常用的预置后门的方法是:通过定义信号处理程序,在接收到相应的信号时,进行特定的,便于调试和查找问题的操作。 比如下面将要举的两个例子:
- 接收到信号时输出便于调试的特定信息
- 接收到信号时开启远程调试服务
接收到信号时输出便于调试的特定信息¶
比如输出当前程序的 traceback 信息,这样就可以知道当前程序运行到哪里了,甚至知道代码执行位置的局部变量和全局变量的值。
在下面的示例程序中,程序在接收到 USR1 信号时输出程序的 traceback 信息:
# -*- coding: utf-8 -*-
from queue import Queue
import signal
import sys
import threading
import time
import traceback
def output_tracebacks(signum, frame):
id2thread = {}
for thread in threading.enumerate():
id2thread[thread.ident] = thread
for thread_id, stack in sys._current_frames().items():
stack_list = traceback.format_list(traceback.extract_stack(stack))
print('thread {}:'.format(id2thread[thread_id]))

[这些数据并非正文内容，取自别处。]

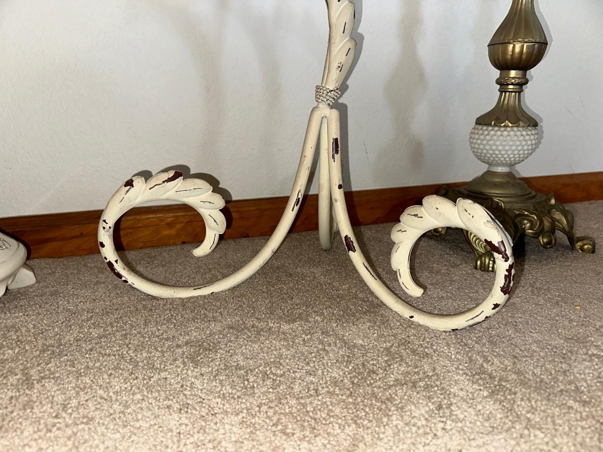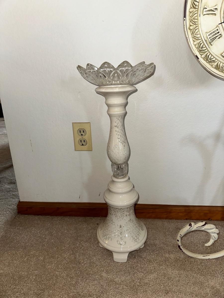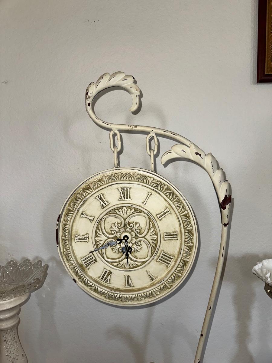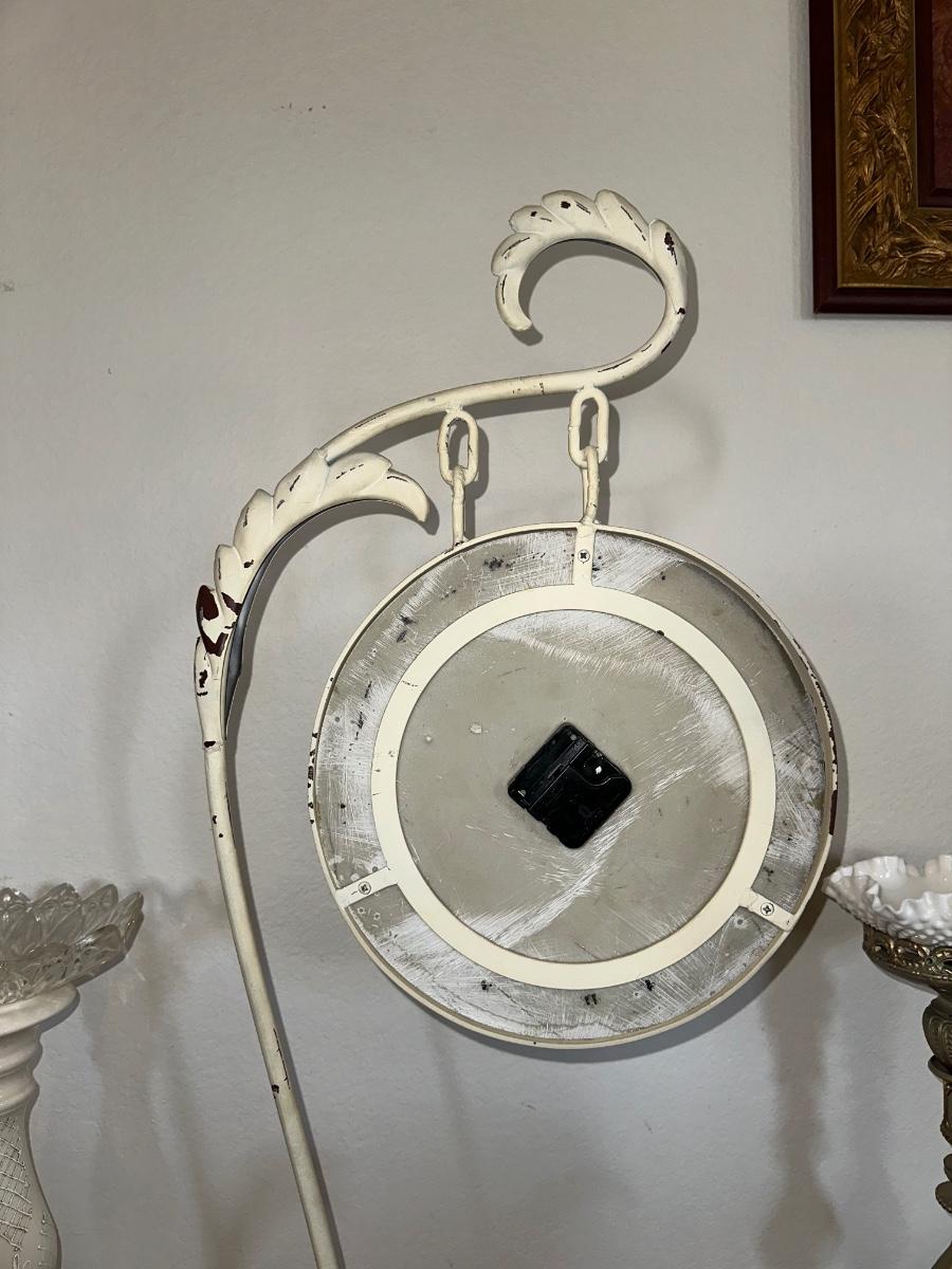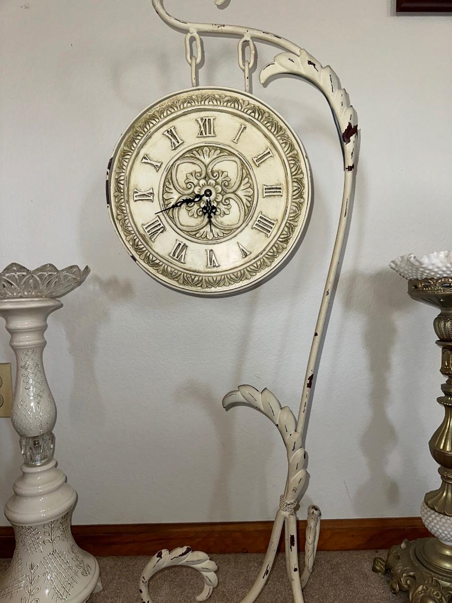 HANGING CLOCK ON AN IRON FRAME AND 2 FLOOR PILLAR CANDLE HOLDERS

print(''.join(stack_list))
def setup_backdoor():
signal.signal(signal.SIGUSR1, output_tracebacks)
def worker(q):
while True:
task = q.get()
if task is None:
break
# do something with task
time.sleep(1.2)
def producer(q):
for x in range(100):
q.put(x)
time.sleep(1)
q.put(None)
setup_backdoor()
q = Queue()
t1 = threading.Thread(target=producer, args=(q,))
t1.start()
t2 = threading.Thread(target=worker, args=(q,))
t2.start()
for t in [t1, t2]:
t.join()
运行程序并通过 USR1 信号激活后门,获取程序的 traceback 信息:
$ python testa.py &
[1] 79163
$ kill -s USR1 79163
thread <Thread(Thread-2, started 123145565609984)>:
File "/xxx/lib/python3.6/threading.py", line 884, in _bootstrap
self._bootstrap_inner()
File "/xxx/lib/python3.6/threading.py", line 916, in _bootstrap_inner
self.run()
File "/xxx/lib/python3.6/threading.py", line 864, in run
self._target(*self._args, **self._kwargs)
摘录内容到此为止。